Figure 4 presents the principal component analysis for the samples generated according to Simulation 3, where we have a mixture of three populations and 10,000 random SNPs were simulated. The unrelated individuals, as well as the children, from the three populations can apparently be correctly grouped when using a large number of random SNPs, rather than SNPs designed for admixture mapping. The first two principal components are sufficient to cluster individuals into correct groups when the samples come from a population consisting of three discrete populations. We then standardized the principal components over the whole sample and estimated the standard deviations for Africans, Europeans, and Asians separately. The standard deviations of the first two principal components within populations is substantially smaller than those of the third principal components (Figure 4). We then performed linear regression analysis, regressing each of the true population-specific ancestries on the first three principal components. The R-square values were 0.986, 0.987, and 0.995 for European, Asian, and African ancestries, respectively, suggesting that the principal components can capture the individual ancestry variation. The results for children were similar even though we did not use their genotype information for calculating the eigenvectors.

When the samples came from the admixed population with three ancestral populations generated in Simulation 4, we did not observe a clear picture on plotting the first three principal components (Figure 5), because each person carried a portion of African, European, and Asian ancestry. When compared with the true ancestries, however, a substantial correlation can be observed. We performed linear regression analysis by regressing the true ancestries on the first three principal components and obtained the R-square values of 0.239, 0.596, and 0.951 for European, Asian, and African ancestries, respectively, indicating that the first three principal components are not enough to capture all the ancestry variation. When using the first 10 principal components in the regression model, the R-square values increased to 0.808, 0.902, and 0.962 for European, Asian, and African ancestries, respectively. We noticed that some of the top principal components may express less variation of the true ancestry than lower ones, as demonstrated by the cumulative R-square values (Table 1). The results for children were similar, though we did not use their genotype information for calculating the eigenvectors.

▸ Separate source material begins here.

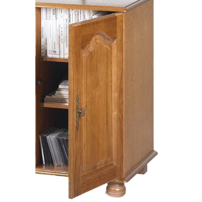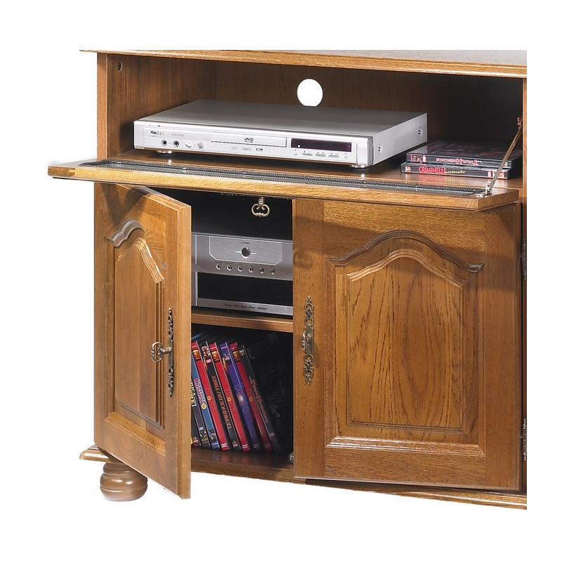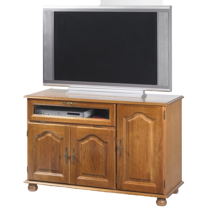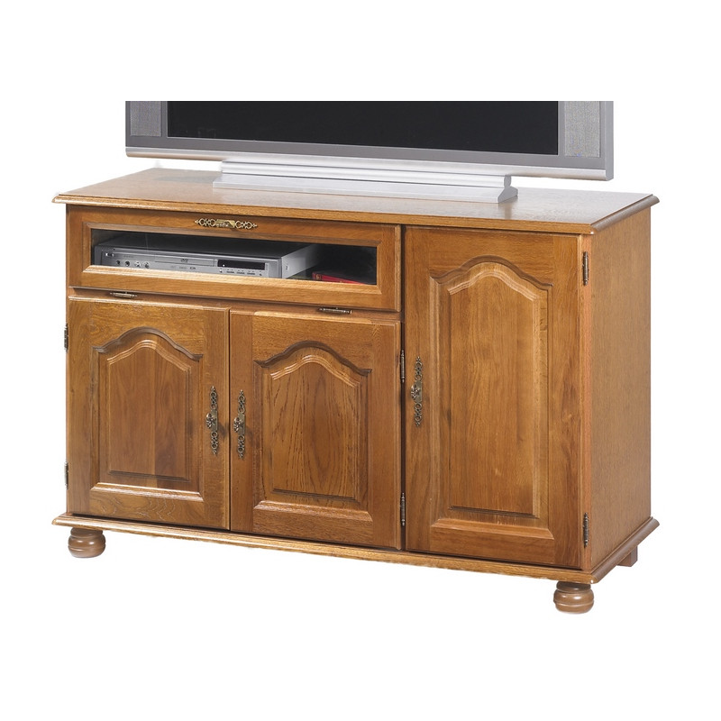Meuble TV Hifi Chêne Rustique. Pour TV 55 pouces maxi. 3 Portes Chêne Massif. 1 Abattant Vitré. 3 Etagères réglables. 6 Niches. Longueur 120.6 cm Hauteur 77 cm Profondeur 46,5 cm. 2 Pieds Boule + 3 Pieds carrés Hëtre Teintés Chêne. Livraison sous une semaine offerte.
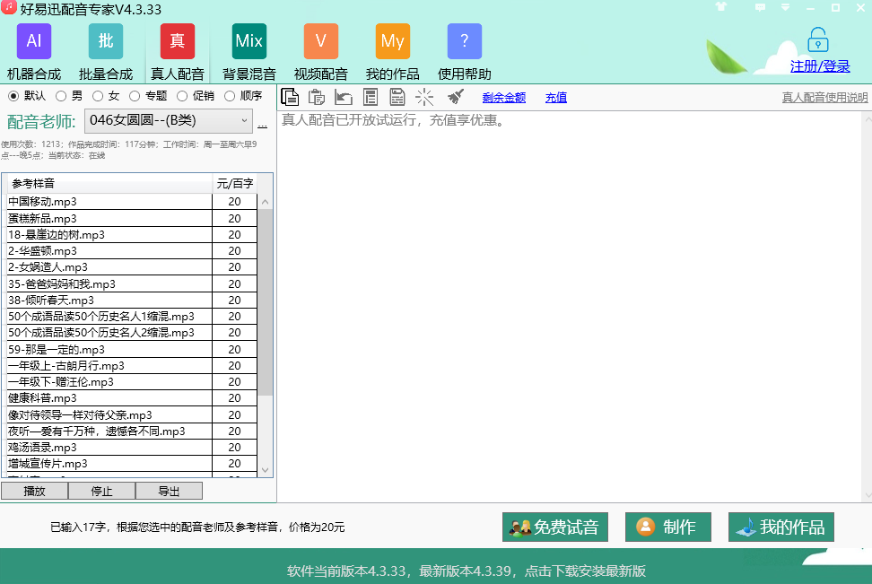 专业软件,简单易用,好易迅配音专家专注解决语音合成

### Type I Error for Association Analysis

The main purpose of this report is to focus on developing a statistical method for combining family and unrelated samples. We thus examined the type I error of the proposed statistic *S*^{2} that can combine both family and unrelated samples with data generated from the four simulation scenarios. To illustrate how much power can be gained by using both parents' genotype and phenotype information, we also compared the proposed method with the transmission/disequilibrium test (TDT) with the parent-affected-child trio data only.^{19} We further compared *S*^{2} with Fisher's meta-analysis method^{37} of combining the p values of the family and unrelated case-control tests, resulting in a statistic that follows a chi-square distribution with 4 degrees of freedom. When only parent-affected-child trios are available, we also created an unaffected pseudo-child having the two alleles not transmitted from the parents to the affected child at each marker locus. We then analyzed the data with the proposed method and compared the type I error and power when using parent-affected-child data only. Table 2 presents the type I error for these test statistics when data were generated from the four simulation scenarios. The proposed test *S*^{2} has reasonable type I error for all the scenarios: with parent-affected-child trios only (*S*^{2}), adding to each family an unaffected pseudo-child whose alleles are not transmitted when combining family and unrelated samples (*S*^{2}), and separate analyses of family and unrelated samples. The TDT statistic also has reasonable type I error, as well as Fisher's method of combining p values with the p values obtained by the proposed method for family and unrelated data separately. We noticed that Fisher's method leads to significant inflation of the type I error rate for the Simulation 2 data with 800 markers in the principal component analysis. A possible reason for this may be that the number of markers in the principal component analysis is still not adequate.

### Power Analysis

We also performed power analyses for the data generated from the four simulation scenarios. Table 3 presents the power of the test statistics when data were generated by Simulation 1 under multiplicative, additive, recessive, and dominant modes of inheritance. We used 200 SNPs to control for the effect of population stratification for Simulations 1 and 2. The proposed test gains substantial power when compared with separate analyses and better power than analyses combined by Fisher's method. The power of using the unaffected pseudo-children is slightly better than without using them. Interestingly, the proposed method improves the power substantially over the TDT method, indicating that parental phenotype information does contribute information in association analysis. The results for the data generated in Simulation 2 are similar (Table 4).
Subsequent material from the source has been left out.